China is currently getting Aussie gas at a cheaper rate than hard-working, everyday Australians. And the reason is ridiculous.
Labor has won a majority to rule Australia for three years. Much of his victory was based on promises to help the cost of living for households.
There are two components to this. First, wages must rise faster than in ten years. The Albanian government seems willing to support stronger wage demands in a fantastically tight labor market, so that’s good.
There is one point of good news. The global supply chain shock that drove up so much offshore commodity prices has all but disappeared. Ships, ports and trucks are all now flowing as normal and the prospect is for major price drops.
The US, in particular, has huge inventories of goods, so any consumer slowdown in the coming year will lead to global goods deflation.
But that always happened and the Albanian government really only enjoys a windfall.
Energy is the problem
The biggest problem facing the Albanian government is one of its own. It’s the extraordinary energy price shock hammering on the east coast economy.
Since the war in Ukraine, the global oil and gas prices have skyrocketed. We all feel that at the gas pump. What is perhaps less well known to Aussies is that the Australian gas price has followed suit.
Traditional Australian gas prices are $3 gigajoules (Gj). Currently the price is $35Gj. This is exactly the same price Europe pays Russia for its gas, a price gouge used as a weapon of war.
But Europe does not have its own gas and therefore has no choice. Australia has gas. Loads and loads thereof. Much more than we could ever need. It is popping up for $1Gj across QLD and SA.
But what happens to it then is beyond all hope and reason. Three quarters of it is shipped to China as LNG for $31 Gj, $4 Gj cheaper than sold locally.
This is the crazy world of the East Coast gas export cartel that is deliberately starving the local gas market to drive up prices at home, while also forcing prices on China.
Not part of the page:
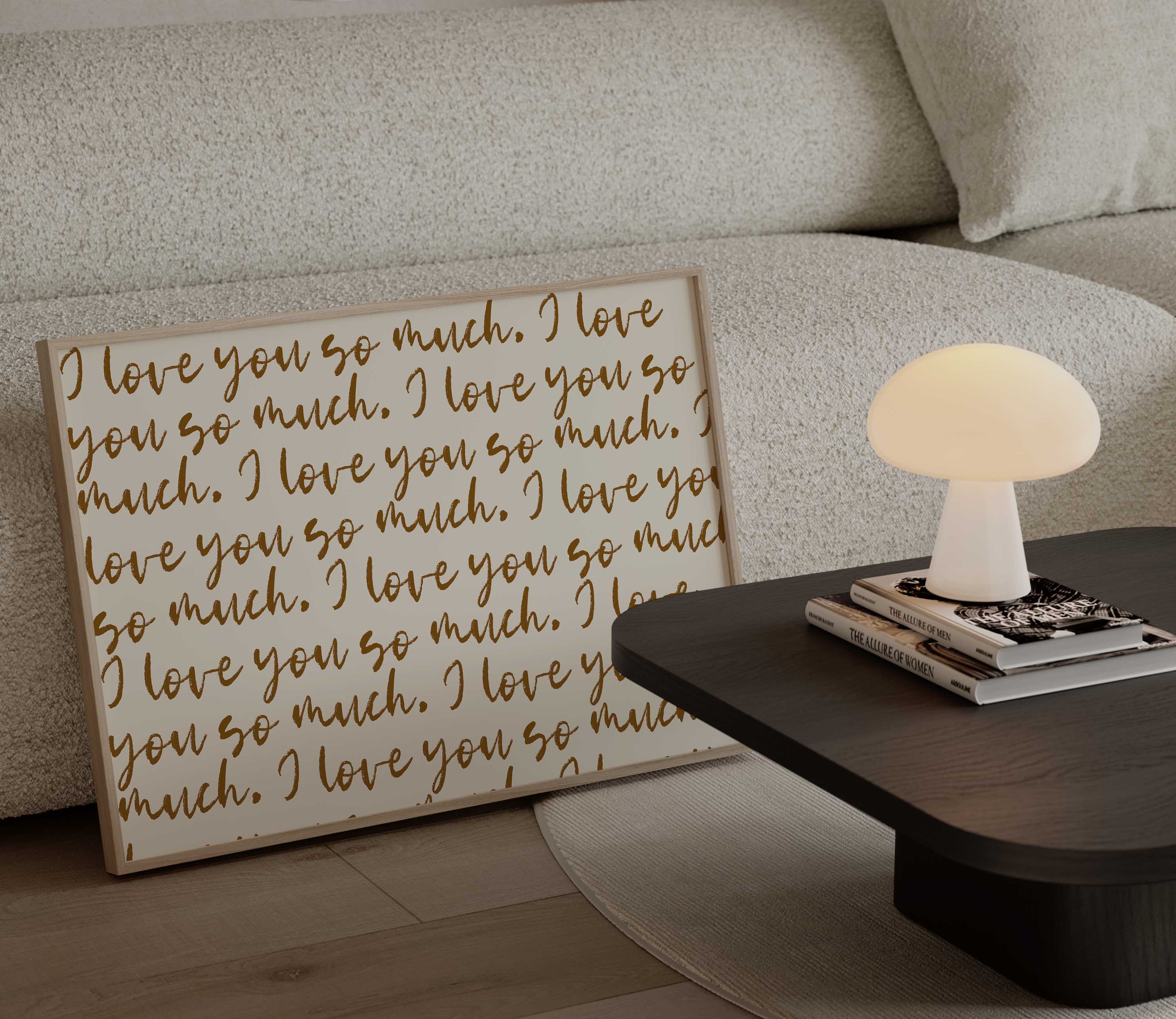 Whether displayed in an intimate bedroom setting, as a poignant focal point in your living space, or presented as a meaningful gift, this print transforms a simple sentiment into a gallery-worthy declaration.

To make matters worse, the gas cartel pays no tax for this, and in the final kick for any person east of WA, it drives up electricity prices because gas-fired power plants determine marginal costs in that market too.
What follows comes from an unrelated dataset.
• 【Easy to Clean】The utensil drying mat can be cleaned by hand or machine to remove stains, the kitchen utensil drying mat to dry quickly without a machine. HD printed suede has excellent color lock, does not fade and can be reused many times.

To put it bluntly, every Australian east of the WA border is currently being forced to pay a huge and high energy tax that will drive up the cost of absolutely everything. WA is OK because it has a domestic gas reservation policy so the local price is less than $6Gj!
And we’re doing this as a subsidy to the Chinese economy, while that country in return causes all kinds of economic and geopolitical damage to Australia.
Gigantic CO2 tax
There is a very simple solution to this curious form of cost-of-living self-abuse. It is called the Australian Domestic Gas Reservation Mechanism (ADGSM).
Installed by Malcolm Turnbull when the local gas price hit a measly $20Gj in 2017, it’s a contract with the cartel that forces it to leave more gas here so the local price crashes to acceptable prices around $7Gj.
But with this master agreement already in place, the trigger ready to pull, with the cost of living in full swing and severely exacerbated by the energy inflation shock, new Labor treasurer Jim Chalmers has already stated that “electricity prices are the pointed end to the cost of living crisis,” but says he will instead rely on measures to boost renewables to drive prices down.
This will eventually work. But it will take years as everyone’s energy bills spiral, every producer of goods and services east of WA tries to recoup costs with higher retail prices, and the RBA is forced to make things worse with rate hikes.
In fact, Labor is allowing an energy cartel to impose a massive private carbon tax amid a cost of living crisis, when the renewable energy rollout does happen.
You might ask your local member why the Albanian government allows this mockery of economic mismanagement.
David Llewellyn-Smith is chief strategist at the MB Fund and MB Super. David is the founding publisher and editor of MacroBusiness and was the founding editor and editor of The Global Economy of The Diplomat, the leading portal to geopolitics and economics in Asia. He is the co-author of The Great Crash of 2008 with Ross Garnaut and was the editor of the second Garnaut Climate Change Review. MB Fund is underweight Australian iron ore mines.